Community Banks to Face Increasing Problems from Deposits, Study Finds

By Lisa Getter

The deposit problems already plaguing community banks are not going away. And they may be even more serious than anticipated, according to Deposit Dilemma:  10 Interesting and Surprising Trends from 2018, a new Invictus Group white paper.

The paper explores the movement of deposits, looking at the issue by size of bank and type of deposit, and how deposits faired against loans in the years since the financial crisis, with a focus on 2018.  The groundbreaking analysis was based on public data as well as proprietary data and analytics from the Invictus BankGenome™ intelligence system, which includes loan-level and deposit-level data from banks across the country.

The study found that:

  • The mediocre growth in total deposits last year was at its lowest level in 10 years. Perhaps more importantly, growth occurred at just a handful of institutions, and primarily within price-sensitive instruments, such as certificates of deposit (CDs) and money market demand accounts (MMDAs).
  • The deposit threat to community banks from the four money center banks has yet to emerge, but complacency is not an option. Those four banks (JPMorgan, Bank of America, Wells Fargo, and Citibank) experienced lower deposit growth rates than banks of smaller asset-sized tiers in 2018, likely because of the Federal Reserve’s balance sheet normalization process. These banks are well-positioned to become highly competitive in snaring deposits going forward.
  • While transaction accounts, the highest quality form of deposits, grew by $59.5 million in 2018, almost all the growth (98 percent) was captured by Bank of America. Regional banks with assets between $10 billion to $50 billion had a 3.4 percent decline in transaction accounts, while community banks with assets of $1 billion to $10 billion experienced a 4 percent drop.
  • Community and regional banks were increasingly dependent on MMDAs and CDs to compensate for lost transaction accounts and fund growth in 2018. Retail time deposits represented 36 percent of the total growth in deposits for these banks; yet they only represented 9 percent of total deposits at the end of 2017.  This is a big problem, since retail time deposits are becoming increasingly competitive on price in a digital landscape and the large banks are poised to win a disproportionate share of the future growth.
  • Although MMDAs grew by $85 billion for the industry in 2018, $72 billion or 85% of this growth came from two institutions: Charles Schwab and TD Bank (the parent of Ameritrade).  The study concludes that this growth was likely due to money leaving the stock market at the end of 2018 and is not representative of the so-called raw materials that commercial banks would use to fund loan growth.
  • The smaller the bank, the far more likely that deposit growth failed to keep up with loan growth. Community banks with between $1 billion to 10 billion in total assets saw an incremental loan-to-deposit (LTD) ratio of a troubling 115% percent in 2018.  About 54 percent of banks in this asset size tier have an LTD ratio of 90 percent or greater, a sure sign that the community bank deposit dilemma will eventually lead to curtailed growth, margin compression, liquidity stress, or any combination of these challenges for many community banks.
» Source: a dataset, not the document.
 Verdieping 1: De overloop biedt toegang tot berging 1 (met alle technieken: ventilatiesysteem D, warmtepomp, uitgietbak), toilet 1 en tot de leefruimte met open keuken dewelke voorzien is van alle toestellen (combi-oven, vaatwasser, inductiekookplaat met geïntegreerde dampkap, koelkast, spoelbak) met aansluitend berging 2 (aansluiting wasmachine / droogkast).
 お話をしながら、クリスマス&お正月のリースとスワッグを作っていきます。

The study cautions that even if the Fed delays further rate hikes and slows down the pace of QE reversal, these problems will only get worse for community banks.
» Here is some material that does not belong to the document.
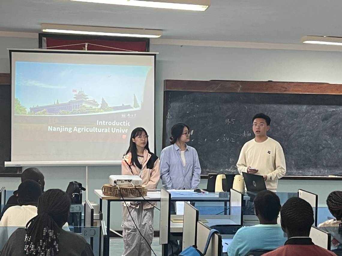 在孔子学院语言文化中心,代表团成员以“耕读南农·青春同行”为主题展开汇报交流。代表团同学从南农的悠久历史引入,以图文并茂的形式,从学习体验、实践活动和校园文化等方面生动呈现sjb世俱杯官方网站的校园风貌。在交流的过程中,团队特别介绍了学校“农业特色+国际视野”的培养模式,为非洲学生“留学南农-回国实践”的全链条成长提供路径参考。交流尾声,中肯学生围绕中肯文化差异、未来合作发展等主题展开讨论,绘制合作蓝图。

Even savings accounts may come into play. While these accounts were stable in 2018, they are likely then next battleground in the digital arena, with many online banks beginning to offer interest rates that approach those on CDs, the study notes.

“The deposit situation for community banks is getting increasingly serious,” says Adam Mustafa, the study’s author.

“The only practical solution for those banks with high LTD ratios is M&A,” Mustafa says.  “At minimum, the right acquisition of a bank with a healthy amount of excess deposits and favorable loan rate absorption provides an insurance policy against the situation getting far worse.”

He said the Fed’s decision to slow down is good news for community banks because it gives them time to act. “Hoping for falling rates is not a strategy and if rates fall, we are likely in a recession, which presents a different and perhaps even worse situation for community banks,” he says.